The final regulations contain various changes to the plan aggregation rules and provide guidelines to be followed when plans that must be aggregated have overlapping limitation years. They modify the proposed regulations with regard to how defined benefit plan benefits are treated when benefits are transferred to another plan or a plan is terminated. The final regulations clarify that an employer’s plans must be aggregated with the plans maintained by a predecessor employer, even if the successor employer does not assume the predecessor’s plans. An employer is a successor employer if the employer continues all or part of the trade or business of the former entity. The final regulations also contain rules regarding when an employer will cease to be aggregated with another entity or entities, and rules for aggregating participation and service under the 10-year phase-in for defined benefit plans.

The final regulations retain the rule from the proposed regulations that multiemployer plans cannot satisfy the Code section 415 limitations separately with respect to benefits or contributions from each employer. Permissive disaggregation of multiemployer plans is no longer permitted; benefits and contributions attributable to a participant from all of the employers maintaining the multiemployer plan must be taken into account.

Miscellaneous Provisions

The final regulations provide that there will be no early retirement reduction for commencement of benefits prior to age 62 for a participant in a defined benefit plan of a state or local government or an Indian tribal government (or certain political subdivisions thereof) who is credited with at least 15 years of service for benefit accrual purposes as:

  • a full-time employee of any police department or fire department of a state or local government or Indian tribal government (or a political subdivision thereof that provides police protection, firefighting services, or emergency medical services), or
  • a member of the Armed Forces of the United States.

The final regulations also contain special rules for church plans.
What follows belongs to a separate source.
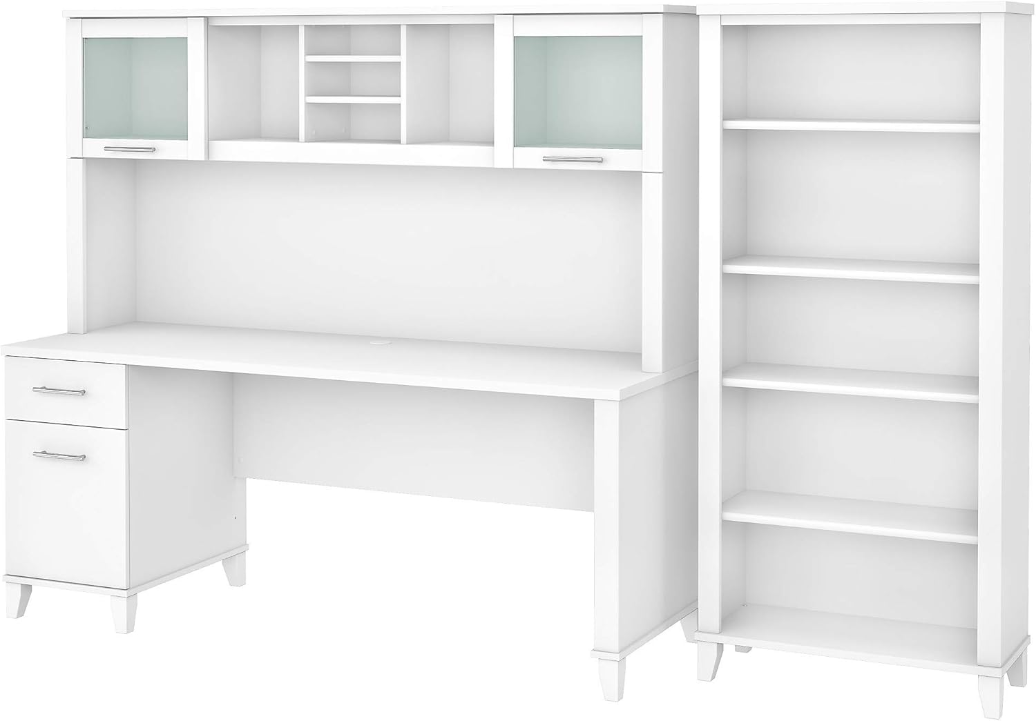 A spacious work surface and plenty of storage capacity make the Bush Furniture Somerset 72W office desk with hutch and 5 shelf bookcase a perfect choice for your home office. Spread out with a computer and paperwork while multitasking on an expansive desktop that includes a convenient wire management grommet to keep cords and cables in order. The Desk's file drawer opens on full-extension ball bearing slides for easy access to legal and letter size documents, while a box drawer keeps the office supplies and utensils you need close by. The hutch attaches to the desktop and adds a pair of lift-up frosted glass doors for concealed storage in addition to open cubby spaces with 2 adjustable shelves for storage of books, binders, decorations and more. The bookcase features 2 fixed shelves for stability and 3 adjustable shelves to accommodate items of various sizes. Somerset's transitional styling includes your choice of attractive mocha cherry, Hansen Cherry, maple cross and ash gray finishes with tapered leg accents and contemporary metal hardware for an appealing look that works with virtually any decor. The 72W x 24D computer desk can also be used with the coordinating Somerset 42W 3 position sit to stand return (sold separately) to create an ergonomic Height adjustable workspace. The office desk with hutch and bookshelf set is tested to meet ANSI/Soho quality standards for safety and performance and is backed by the Bush Furniture 6 year manufacturer's .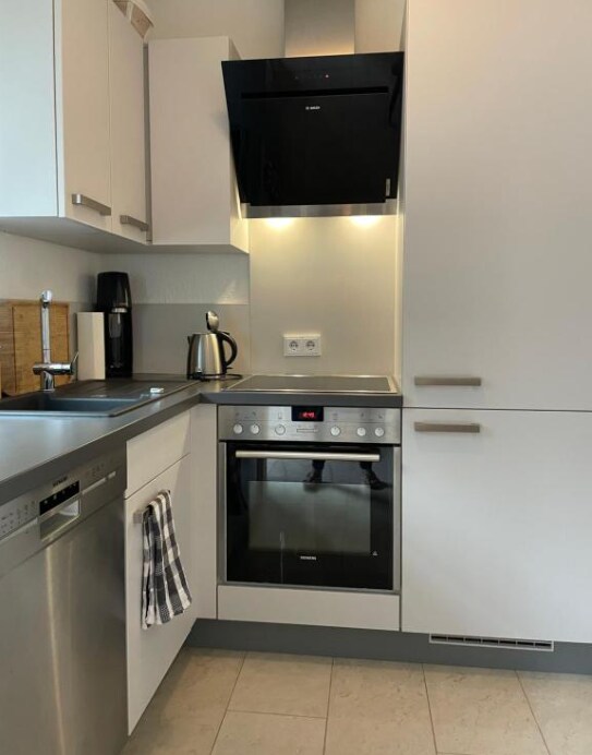 Das elegante 90m²-Design-Apartment für bis zu 5 Personen mit hochwertiger Einrichtung, Parkettboden, Gas-Kamin, liebevollen Details und stilvollem Farbkonzept ist ruhig gelegen. Es bietet 2 Schlafzimmer, komfortable Betten (davon ein Boxspringbett) und einen gemütlichen Wohn- und Essbereich mit Schlafsofa und Balkon. WLAN, Smart-TV in jedem Zimmer, Gartenmitbenutzung. Küche mit Spülmaschine, Backofen, Herd und Nespresso Kaffeemaschine. Digitaler Self-Check-In, Handtücher & Bettwäsche inkl.

Defined Contribution Plans — Restorative Payments

The final regulations provide that restorative payments are not counted as annual additions in any limitation year. Restorative payments are payments made to restore plan losses resulting from a fiduciary breach where there is a reasonable risk of liability for breach of fiduciary duty under Title I of ERISA (other than a failure to timely remit participant contributions). The final regulations add a new provision for losses resulting from a fiduciary breach where there is a reasonable risk of liability for breach of fiduciary duty under other applicable federal or state law. Restorative payments do not include payments to make up for market fluctuations, payments to cover early termination or redemption fees in the case of a change in investment funds, or other payments not made on account of a reasonable risk of liability for breach of fiduciary duty. For more information on restorative payments see IRS Revenue Ruling 2002–45.

Plan Amendment Timing

A qualified plan must now file for a determination letter once every five years. However, because a plan provision that results in a failure of the plan to satisfy the final regulations is a disqualifying provision, an interim amendment must be adopted (pursuant to Revenue Procedure 2007–44) by the end of the remedial amendment period described in Treasury Regulations section 1.401(b)–1. Therefore, in the case of a plan with a calendar year plan year and a calendar year limitation year that is sponsored by a nongovernmental employer with a calendar year tax year, the plan’s remedial amendment period with respect to the final regulations generally ends on the date prescribed by law for the filing of the employer’s income tax return (including extensions) for the 2008 taxable year.

However, plan amendments for changes made to Code section 415 by the PPA must be made by the last day of the first plan year beginning on or after January 1, 2009. An amendment for the 5.5% interest rate (for determining the actuarially equivalent straight life annuity for a form of benefit that is subject to Code section 417(e)) required by the Pension Funding Equity Act of 2004 must, under the provisions of that statute as amended by the PPA, be made by the last day of the first plan year beginning on or after January 1, 2008.